Сегодня не кончится никогда.

Между выдохом каждым и вдохом

С неба летит звезда.

Гаснет звон последнего слога

И шкатулка вопросов пуста.

Больше не будет больно и плохо,

Сегодня не кончится никогда.


Флёр «Больше не будет больно и плохо»


      Ощущение, что где-то Хэ Сюань просчитался, настигло его достаточно быстро, сразу за схлынувшей злой эйфорией, которая продлилась-то всего ничего. На смену пришла стылая пустота и почему-то — боль. Вроде всё было правильно, месть совершена, враги повержены. И исчезла даже иллюзия того, что вот ещё чуть-чуть и всё будет в порядке, ну хотя бы немного полегче. От разрушенного поместья веяло тоской, и почему-то Хэ Сюаню было очень холодно, хотя он умер так много лет назад, и холода чувствовать просто не мог. Моральных сил сделать что-то с собственным домом просто не было, и тихо выть в углу от безнадёги не позволяла лишь гордость, а самолично развеять свой прах над морем — непробиваемое упрямство, свойственное, наверное, всем непревзойдённым. Проиграть и смириться без всякого сражения было бы позором. Существовать в разгромленных владениях и больным раздраем в мыслях, наверное, тоже им было, но всё-таки не совсем безысходным. Просто потому что Хэ Сюань ещё мог бы что-то со всем этим сделать, другое дело, что он совсем не знал — что.

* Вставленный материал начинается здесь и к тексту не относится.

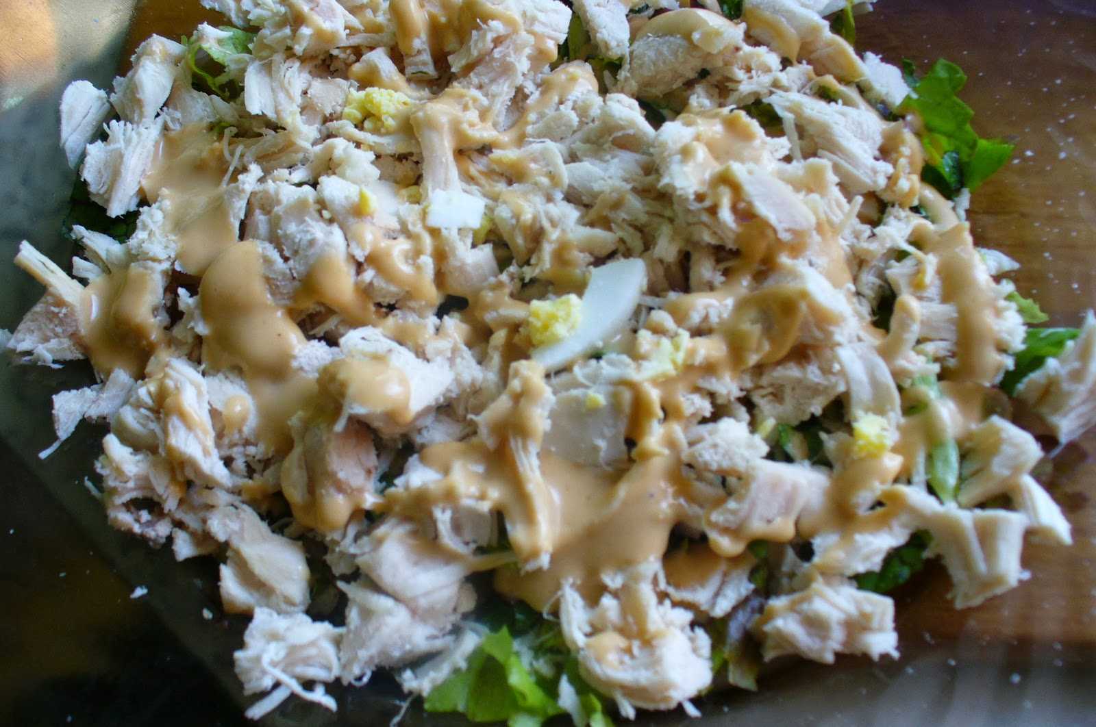 Щедро полейте соусом наш слоеный салат с куриной грудкой.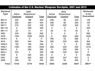 Согласно этим данным, "по сравнению с концом 1967 финансового года, когда США располагали 31255 зарядами, нынешний арсенал сократился на 84%, в сравнении с уровнем конца 1989 года, когда пала Берлинская стена, - на более чем 75%". "С 1994 по 2009 финансовый год США демонтировали 8748 ядерных боеголовок, - указывается в справке. - Еще несколько тысяч боеголовок ожидают сейчас на складах демонтажа. Количество нестратегических ядерных боеголовок сократилось с 30 сентября 1991 года по 30 сентября 2009 года примерно на 90%".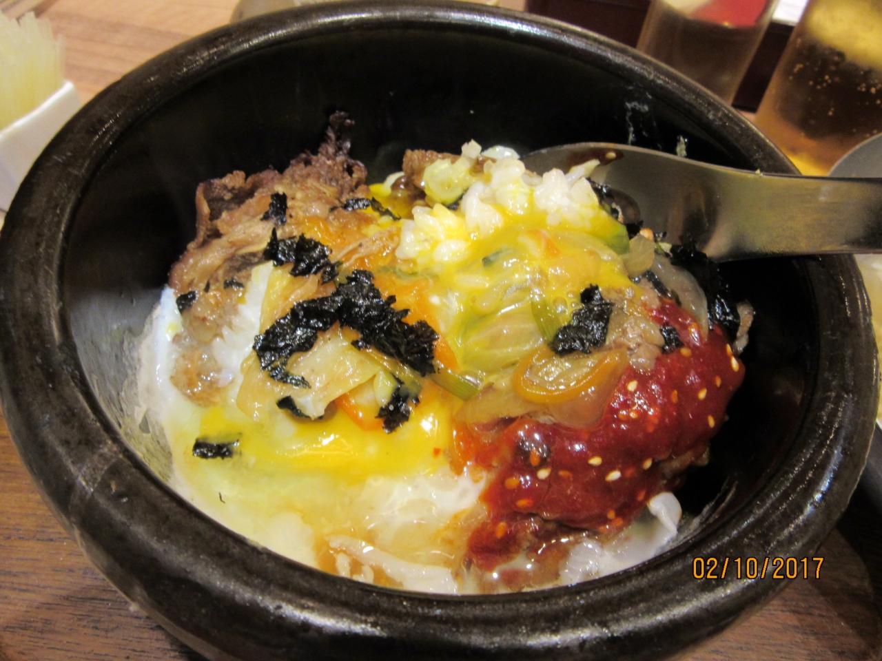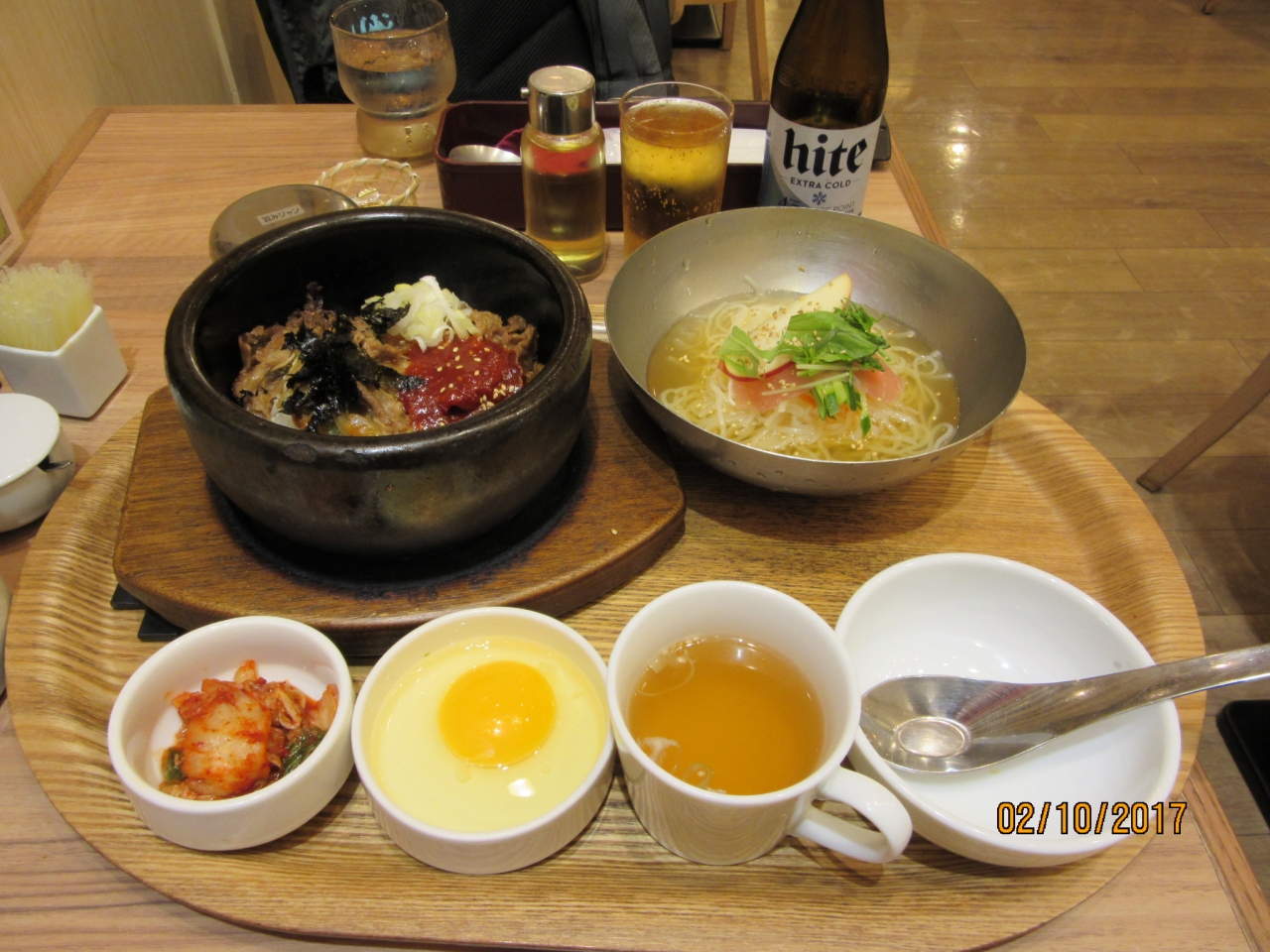 札幌駅近のステラビルの6階レストラン街の店。昼時店を探したが、回転ずしの店等の人気店は待っている客が多く、この店はすんなり入れそうだったので選んだ。韓国料理の店で954円~1,278円(税抜き)でランチ数種類あった。石焼きビビンバとミニ冷麺セット1,195円と韓国ビールHite500円=1,695円+税=1,830円。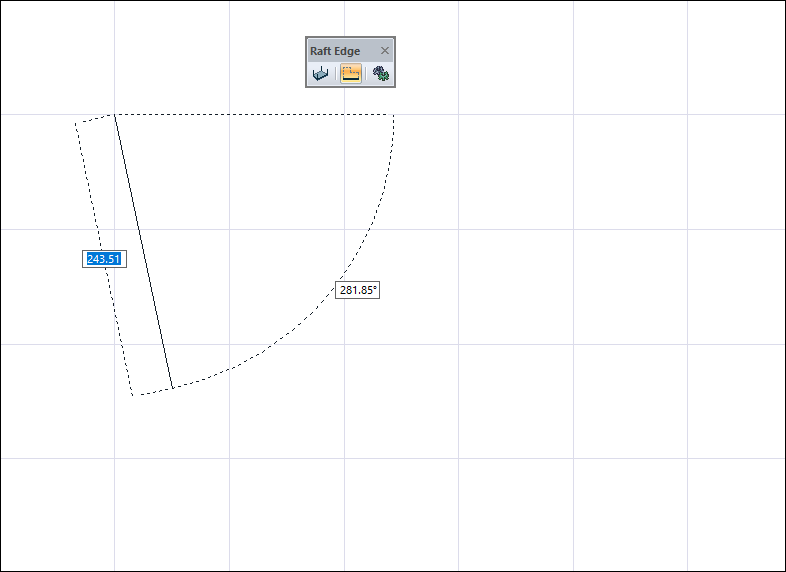 With the Raft Edge command, the borders of the raft foundations of the concrete design that are not defined by the strips or shearwalls are defined. In some cases, some edges of the raft foundations are not covered with these elements, they are empty. In order to define raft foundation in these areas, the boundaries of raft foundation must be defined by the raft edge.

      Когда он только стал демоном и наводил порядок в своих владениях, ему было комфортно одному, насколько вообще могло быть комфортно созданию, рождённому из ненависти и отчаяния. Наедине с собой было проще и спокойнее, это казалось правильным, и он уже успел привыкнуть. Вот только сейчас было паршиво. Холодно. За время, которое у них было, Ши Цинсюань приучил непревзойдённого демона к своему теплу, неподдельному интересу, даже к вечной болтовне. Самое главное — что он был. Всё это время. А теперь нет, и на месте, которое он успел занять, и образовалась эта тягучая тоскливая пустота. Признавать это было тяжело — Хэ Сюань в гневе разнёс одно из более-менее уцелевших крыльев здания. И всё-таки глухо завыл. Вокруг бушевала буря. Демон чёрных вод праздновал своё главное поражение. Тосковал по тому, что сам же с мясом из своей жизни выдрал. Всё вокруг рушилось. Не было сил изображать вид, что ему было до этого дело. Признавать перед самим собой, что ему не всё равно, было уже так безвозвратно поздно. Хэ Сюань так заигрался в чужие роли, что разучился быть честным с самим собой. Это как-то даже дополнительно обидно. Может, он бы поступил тогда иначе, если бы только понял раньше, но теперь уже что. Он сломал и Цинсюаня, и себя заодно, и даже повелитель ветров не будет достаточно наивным и хорошим, чтобы не то, что простить — выслушать того, кого когда-то считал другом. Это справедливо. Чёрные воды штормило несколько месяцев. Костяные рыбы и драконы жались по углам как напуганные дворняжки. Возможно, даже эти твари заслуживали лучшего хозяина, чем тот, которого они получили.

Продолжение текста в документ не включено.